AWS provides a complete monitoring engine called CloudWatch; it works with metrics – including custom, user-provided metrics – and is able to raise alarms when any such metric crosses a certain threshold. This is the tool that is used for all perfomance monitoring tasks within AWS.
This text will cover a monitoring scenario regarding deploying an arbitrary appplication to the cloud and being able to determine what causes the performance limits to be met, be it the application code itself or resource limits enforced by Amazon.
Scenario
Let’s assume that one has just started using Amazon Web Services and is deploying applications on free tier or other general purpose (T2) instances. One learns that the general purpose instances work with “credits” that allow dealing with short spikes through performance bursting – but once the credits are exhausted the performance is reverted to some baseline. All the particular details do not make a lot of sense but one needs to know if the application can meet the desired service limits with this setup.
Prerequisites
If you are in charge of making sure the desired service limits are met or exceeded, then you need to be in control of the application environment. Any of the following bullets are red flags that should be immediate deal breakers:
Not being given full access to the AWS Console (EC2) to be able to experiment with instance and storage volume types.
Not being given access to the monitoring engine (CloudWatch).
If you are only given a server instance in the “cloud” and told to deploy the application and then meet some service limits, you should simply run away from that project. Yes, do run – you’re being set for failure through no fault of your own.
Internal Monitoring?
AWS does not offer internal monitoring (getting hypervisor metrics from within the instance, without going to an external service). This is the standard industry practice that all monitoring should be external. From within the instance any resource cap being met will not be immediately visible as such, but rather as general slowness or even timeouts.
Note: one can retrieve static data from within the instance (the so-called meta data), e.g.:
[root@ec2instance ~]# curl http://169.254.169.254/latest/meta-data/ ami-id ami-launch-index ami-manifest-path block-device-mapping/ hostname . . .
Monitoring with CloudWatch
For every instance or volume there is a tab in the console that displays a couple of graphs with metrics determined by the hypervisor (e.g. CPU utilization, network traffic, I/O statistics). By default these do not contain metrics that rely on the operating system (e.g. memory or disk usage) – one can define custom metrics for those and associate them with data from internal monitoring services.

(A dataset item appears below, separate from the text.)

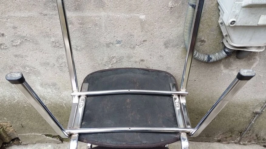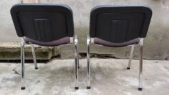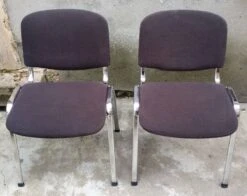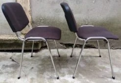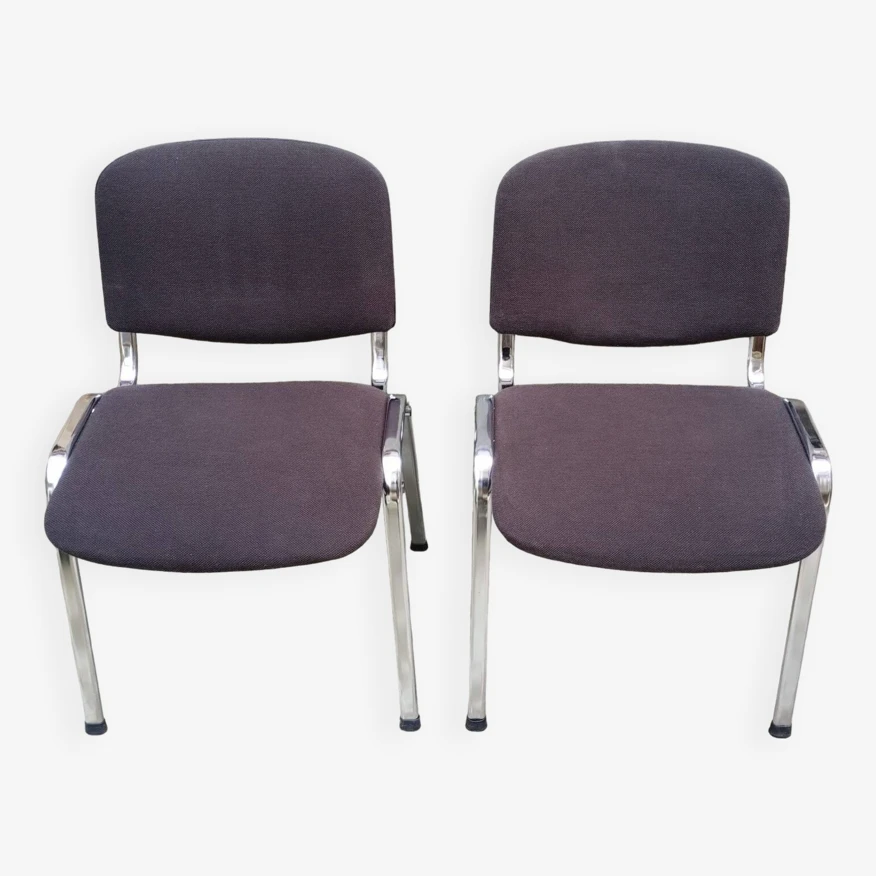 Set of 2 waiting room or meeting chairs in brown fabric resting on 4 chrome metal legs dating from the 80s.

Amazon also provides such tools (e.g. Amazon CloudWatch Monitoring Scripts for Linux).
In the scenario above one must pay attention to the following metrics:
On the instance listing, the CPU Credit Usage and CPU Credit Balance. The credit usage is the prime indicator for computing spikes, while the balance, if ever reached 0, indicates that the instance computing performance was throttled by the hypervisor.
A constant CPU Credit zero balance indicates either a poor instance type choice for a compute-intensive application or some bug in the application itself. On a side note, this behavior can be easily replicated on any instance type by deploying a cryptocurrency miner or through a fork bomb.
On the volume listing, the Average Queue Length. If the value is at least 1 over extended periods of time then read or write operations on the volume routinely exceed the IOPS limits (the default or the provisioned ones). For the actual IO type (read/write), one must check the Read Throughput and Write Throughput metrics.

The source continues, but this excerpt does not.